# is this ok for a leo breeing rack??



## shane_DS (Sep 6, 2008)

Bambu Four Drawer Storage Unit at Wilkinson Plus

can anyone tell me is that ok for breeding leos in??


----------



## shane_DS (Sep 6, 2008)

*morning Bump:2thumb: please any one??*


----------



## sam12345 (Dec 28, 2007)

Nope leos can get out of them... tried and tested by myself!


----------



## Amyboo (Nov 11, 2007)

lol i been looking at them at my local wilki's!

well leo hatchlings wouldnt be able to get out would they? 

what if you just made them extra safe?

to shane_DS would you be putting adults or hatchlings in there?


----------



## leo-bob (Jul 1, 2007)

without modifications we have had leos aged 16 weeks escape. Anything over that age and its just too easy for them to get over the lips at the sides and back of the tubs.

We use them for anything up to 8 weeks now.

Im not sure how one could modify them to stop escapes, one idea could be plexiglass lids to each tub?

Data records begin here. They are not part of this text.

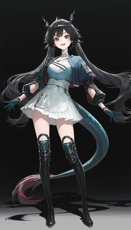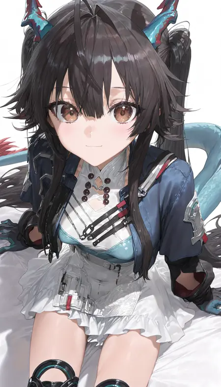 棕色眼睛,黑色头发,龙角,龙尾,双马尾,
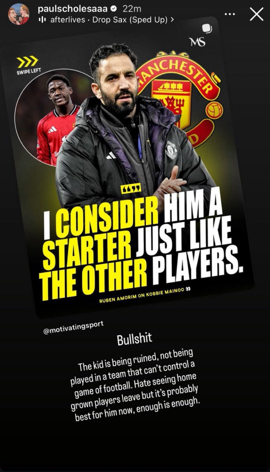 Скоулз сорвался на Аморима из-за игрока «МЮ». А потом передумал и удалил пост 🙈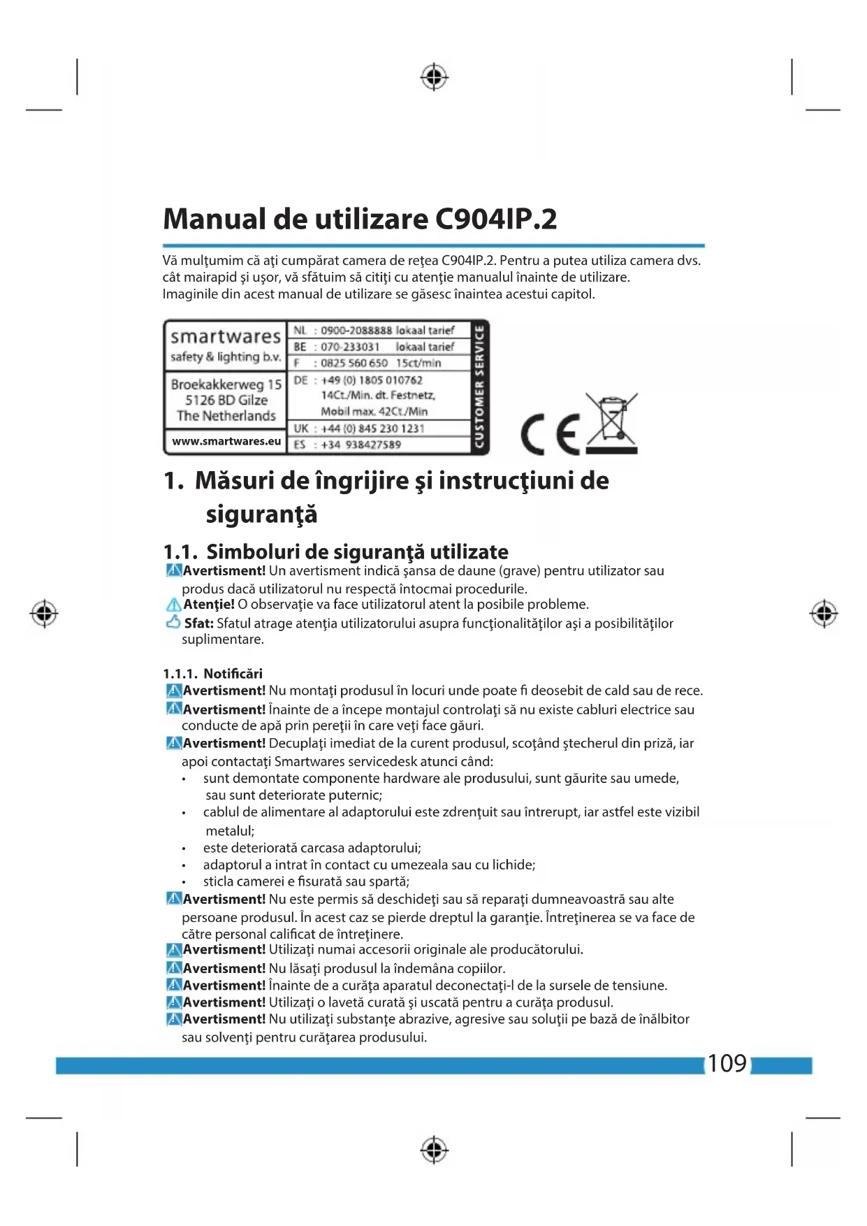 Erre a készülékre határozott idejű, 3 éves garancia érvényes. A garanciális feltételeket itt találja: www.smartwares.eu.109 Manual de utilizare C904IP.2 Vă mulţumim că aţi cumpărat camera de reţea C904IP.2. Pentru a putea utiliza camera dvs. cât mairapid şi uşor, vă sfătuim să citiţi cu atenţie manualul înainte de utilizare. Imaginile din acest manual de utilizare se găsesc înaintea acestui capitol. www.smartwares.eu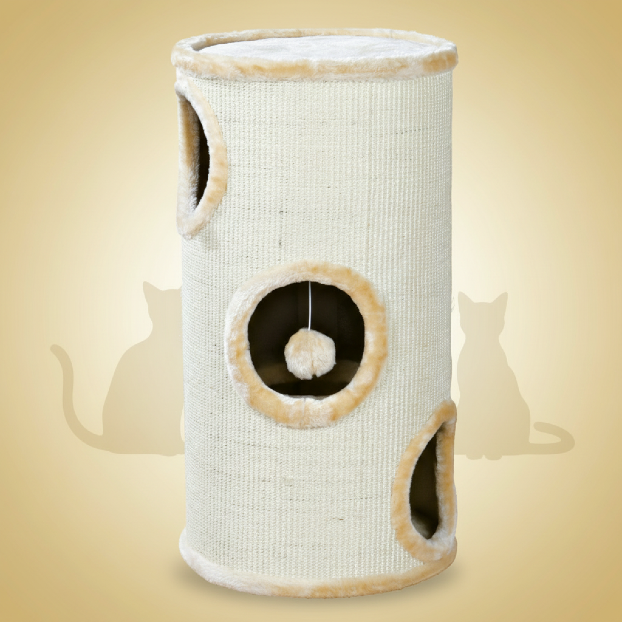 Robust kattemøbel med 3 etasjer, innebygd hule, sisal og plysj. 70 cm høyde. Stimulerer naturlig kloring, klatring og aktivitet. Beige farge, enkel vedlikehold.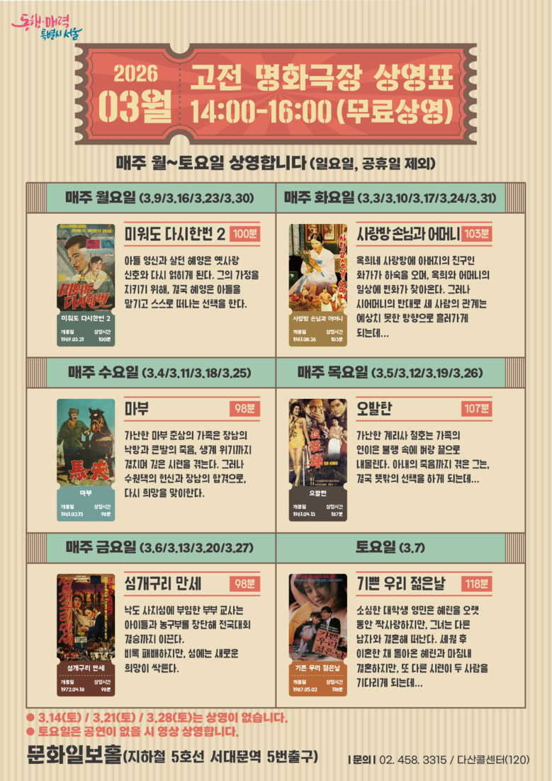 ‘누구나 청춘무대’는 오전(10~12시)에는 신체·정서·사회적 활력을 높이는 참여형 프로그램을 요일별로 운영하고, 오후(14시~)에는 고전 명화 상영뿐 아니라 다큐멘터리, 단편 드라마 등 다양한 영상 콘텐츠와 공연을 선보일 예정이다.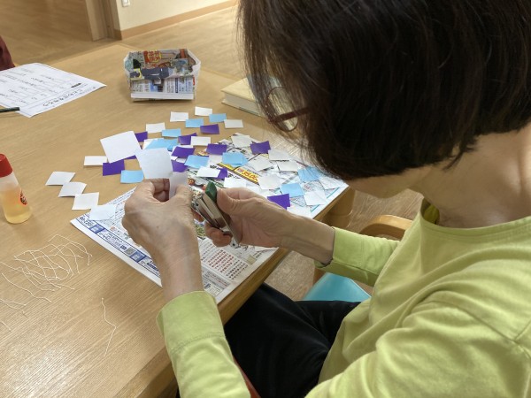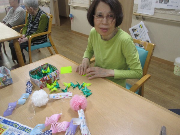 折り紙を折ったり、貼ったりして、新しい飾りを作っていただいています。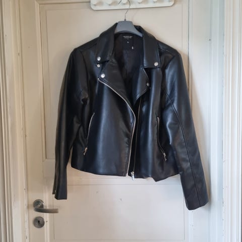 Helt ny, stilig skinnjakke (imitert skinn/ PU) med avtagbar hette og dobbel glidelås. Størrelse XL. Selges med lapp på da jeg kjøpte feil størrelse. Se bilde.

Dunno really, if you want it to house babies until you sell them there a good idea. As permanent housing not really suitable.


----------



## sam12345 (Dec 28, 2007)

Even with hatchlings they are not safe! 
You have to provide hides in order for the leo to have a healthy mental well being. And even toilet roll tubes allow them enough height to grab on to the lips!


----------



## katelikesfun (Sep 19, 2007)

I would have said they were ok for hatchlings, while waiting to grow them on or selling. but yes any objects could be climbed on and they could them get to the top. Make sure the hides are in the middle. I have my small mice in something like that and if I put the water bowl and food bowl in the middle they can't get out!! lol


----------



## Lisasgeckonursery (Feb 14, 2008)

try the bigger size, i've used that and the walls are higher and more floor space. http://www.wilkinsonplus.com/invt/0188879


----------



## repkid (Nov 30, 2007)

I think they are smaller than you expect.


----------



## sam12345 (Dec 28, 2007)

Theres nothing wrong with the size... infact you could really keep adults in them if you really wanted.
Its just they are NOT designed for leos that love to explore and climb.

For anyone looking to get these for breeding i would not advise it...
I have tried these with hatchlings adults and subadults and everything but the subadult got out!


----------



## Lisasgeckonursery (Feb 14, 2008)

mine must have been lazy :lol2:


----------



## shane_DS (Sep 6, 2008)

so does anyone know a breeding rack he for lees than 20 to house gecko's


----------



## shane_DS (Sep 6, 2008)

Buy 5 Drawer Slim Tower White. at Argos.co.uk - Your Online Shop for .




or would this work


----------



## sam12345 (Dec 28, 2007)

No probably not, their not designed to house reptiles.
If youve got a limit of £20 for housing then maybe you should rethink breeding.


----------



## Lisasgeckonursery (Feb 14, 2008)

the cheapest option may be a bookshelf or similar from ebay and rubs.


----------



## leopardgeckocrazy (Oct 22, 2008)

I think they could escape, yeah they could


----------



## chondro13 (Aug 18, 2008)

am i just being blonde or is it the mantid keeping coming out in me..

why not get some netting and secure this on top of the containers with elastic??? 

(imagine it like a plastic cup with some net on top with an elastic band around it..)

that would surely keep any babies in while allowing adequate ventilation.


----------



## leopardgeckomad (Feb 2, 2008)

u can get some metal shelving stacks and put some lidded RUB;s with heatmatsand put them on the stavks


----------



## Ellis (Jul 27, 2008)

chondro13 said:


> am i just being blonde or is it the mantid keeping coming out in me..
> 
> why not get some netting and secure this on top of the containers with elastic???
> 
> ...


makes sense to me... or if it needs to be more humid then why not make a lid and drill air holes?


----------